The data:
========================================================================
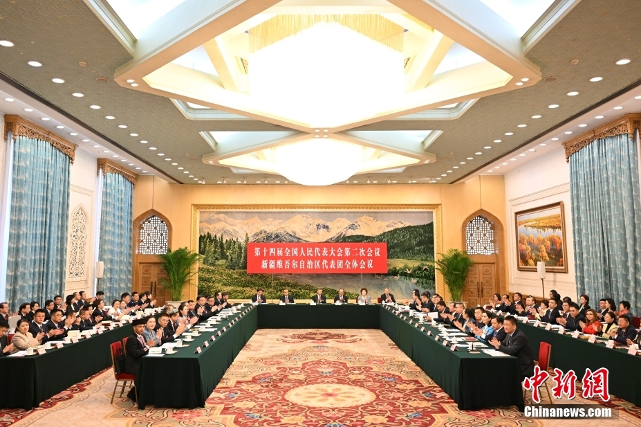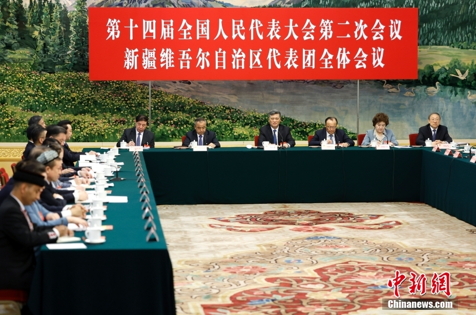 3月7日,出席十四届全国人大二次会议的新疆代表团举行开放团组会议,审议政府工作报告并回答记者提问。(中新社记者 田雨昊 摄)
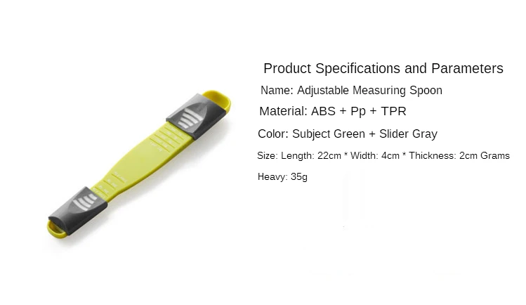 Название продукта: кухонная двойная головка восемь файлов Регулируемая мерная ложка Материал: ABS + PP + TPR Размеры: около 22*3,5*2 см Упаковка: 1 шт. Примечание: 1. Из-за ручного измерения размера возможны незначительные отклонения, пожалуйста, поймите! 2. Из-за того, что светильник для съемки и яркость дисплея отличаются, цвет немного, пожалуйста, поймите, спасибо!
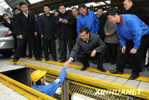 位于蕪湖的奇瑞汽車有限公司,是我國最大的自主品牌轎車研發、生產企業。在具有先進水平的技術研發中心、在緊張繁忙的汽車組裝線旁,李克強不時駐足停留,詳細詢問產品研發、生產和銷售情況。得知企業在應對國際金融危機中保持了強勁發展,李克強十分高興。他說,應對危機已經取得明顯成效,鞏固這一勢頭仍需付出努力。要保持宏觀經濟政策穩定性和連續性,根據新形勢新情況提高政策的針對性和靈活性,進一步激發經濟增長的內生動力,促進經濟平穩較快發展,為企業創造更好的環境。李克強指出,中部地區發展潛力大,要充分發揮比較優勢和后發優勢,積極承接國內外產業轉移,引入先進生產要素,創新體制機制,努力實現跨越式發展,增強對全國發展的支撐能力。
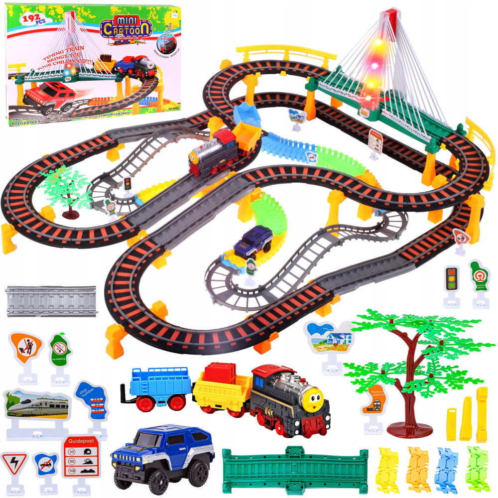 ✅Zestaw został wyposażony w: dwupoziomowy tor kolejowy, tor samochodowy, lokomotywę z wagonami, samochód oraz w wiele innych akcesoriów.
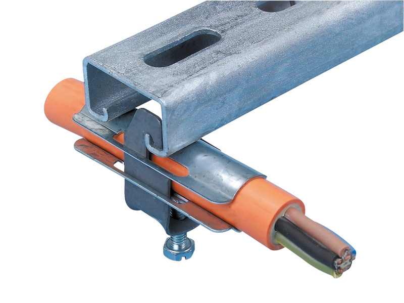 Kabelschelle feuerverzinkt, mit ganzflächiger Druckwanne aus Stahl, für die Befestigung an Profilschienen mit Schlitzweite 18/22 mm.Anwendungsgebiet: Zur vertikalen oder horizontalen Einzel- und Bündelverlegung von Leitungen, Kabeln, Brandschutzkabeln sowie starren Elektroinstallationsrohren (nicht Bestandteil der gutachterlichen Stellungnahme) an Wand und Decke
========================================================================
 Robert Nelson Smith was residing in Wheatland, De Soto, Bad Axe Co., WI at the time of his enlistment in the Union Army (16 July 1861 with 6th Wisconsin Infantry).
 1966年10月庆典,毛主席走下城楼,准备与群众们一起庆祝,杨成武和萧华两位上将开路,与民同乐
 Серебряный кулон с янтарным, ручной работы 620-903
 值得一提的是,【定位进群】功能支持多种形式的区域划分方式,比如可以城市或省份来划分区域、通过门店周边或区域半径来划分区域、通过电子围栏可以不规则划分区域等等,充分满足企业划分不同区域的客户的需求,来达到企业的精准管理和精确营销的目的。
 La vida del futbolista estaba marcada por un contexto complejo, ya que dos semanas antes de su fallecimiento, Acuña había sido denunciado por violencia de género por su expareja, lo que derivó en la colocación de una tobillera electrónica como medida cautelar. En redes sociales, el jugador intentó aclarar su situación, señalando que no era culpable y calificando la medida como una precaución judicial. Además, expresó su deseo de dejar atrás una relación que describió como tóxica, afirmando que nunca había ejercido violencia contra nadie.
========================================================================
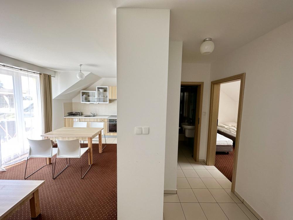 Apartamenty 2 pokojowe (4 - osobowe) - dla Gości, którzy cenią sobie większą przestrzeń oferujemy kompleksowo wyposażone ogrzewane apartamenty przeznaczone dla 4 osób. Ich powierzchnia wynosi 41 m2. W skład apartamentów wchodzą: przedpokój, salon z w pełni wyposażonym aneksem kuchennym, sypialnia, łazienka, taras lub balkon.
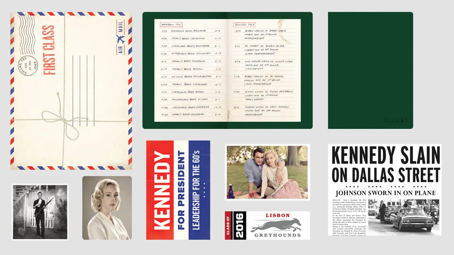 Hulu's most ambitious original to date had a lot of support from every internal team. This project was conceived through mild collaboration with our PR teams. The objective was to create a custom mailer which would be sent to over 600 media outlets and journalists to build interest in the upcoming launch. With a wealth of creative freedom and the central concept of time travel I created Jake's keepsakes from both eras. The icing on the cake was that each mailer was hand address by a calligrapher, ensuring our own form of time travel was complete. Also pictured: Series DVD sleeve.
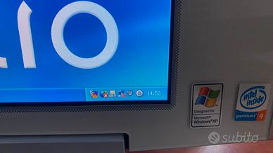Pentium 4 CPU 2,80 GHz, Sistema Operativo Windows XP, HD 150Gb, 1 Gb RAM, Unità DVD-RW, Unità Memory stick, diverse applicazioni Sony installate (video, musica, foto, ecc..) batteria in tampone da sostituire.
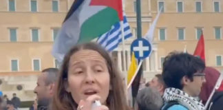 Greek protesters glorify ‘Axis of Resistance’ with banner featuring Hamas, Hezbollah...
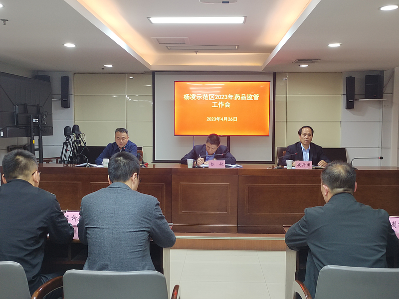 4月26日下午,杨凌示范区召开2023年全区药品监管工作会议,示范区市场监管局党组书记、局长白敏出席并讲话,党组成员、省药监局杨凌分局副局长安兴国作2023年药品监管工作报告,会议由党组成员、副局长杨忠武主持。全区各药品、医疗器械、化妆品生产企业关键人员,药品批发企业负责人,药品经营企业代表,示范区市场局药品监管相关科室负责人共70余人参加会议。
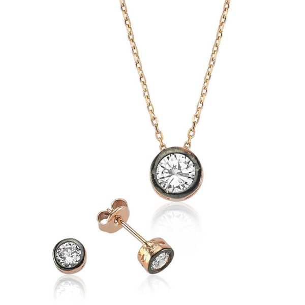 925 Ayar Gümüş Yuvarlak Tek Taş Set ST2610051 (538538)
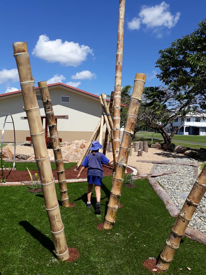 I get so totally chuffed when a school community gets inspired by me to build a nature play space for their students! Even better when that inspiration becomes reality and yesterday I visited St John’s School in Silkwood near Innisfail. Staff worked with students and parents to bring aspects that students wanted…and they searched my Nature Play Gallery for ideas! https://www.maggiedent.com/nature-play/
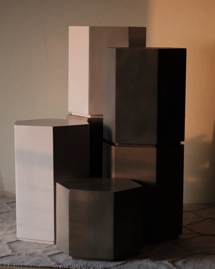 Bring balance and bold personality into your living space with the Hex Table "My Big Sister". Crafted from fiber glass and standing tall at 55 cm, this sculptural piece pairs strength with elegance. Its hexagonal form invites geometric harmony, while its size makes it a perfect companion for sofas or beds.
========================================================================
Task prompt:
Print exactly, with no pictures, the lines above from the one that holds "Hulu's most ambitious" through the one that holds "925 Ayar Gümüş", both of them included.

Output for this task:
 Hulu's most ambitious original to date had a lot of support from every internal team. This project was conceived through mild collaboration with our PR teams. The objective was to create a custom mailer which would be sent to over 600 media outlets and journalists to build interest in the upcoming launch. With a wealth of creative freedom and the central concept of time travel I created Jake's keepsakes from both eras. The icing on the cake was that each mailer was hand address by a calligrapher, ensuring our own form of time travel was complete. Also pictured: Series DVD sleeve.
Pentium 4 CPU 2,80 GHz, Sistema Operativo Windows XP, HD 150Gb, 1 Gb RAM, Unità DVD-RW, Unità Memory stick, diverse applicazioni Sony installate (video, musica, foto, ecc..) batteria in tampone da sostituire.
 Greek protesters glorify ‘Axis of Resistance’ with banner featuring Hamas, Hezbollah...
 4月26日下午,杨凌示范区召开2023年全区药品监管工作会议,示范区市场监管局党组书记、局长白敏出席并讲话,党组成员、省药监局杨凌分局副局长安兴国作2023年药品监管工作报告,会议由党组成员、副局长杨忠武主持。全区各药品、医疗器械、化妆品生产企业关键人员,药品批发企业负责人,药品经营企业代表,示范区市场局药品监管相关科室负责人共70余人参加会议。
 925 Ayar Gümüş Yuvarlak Tek Taş Set ST2610051 (538538)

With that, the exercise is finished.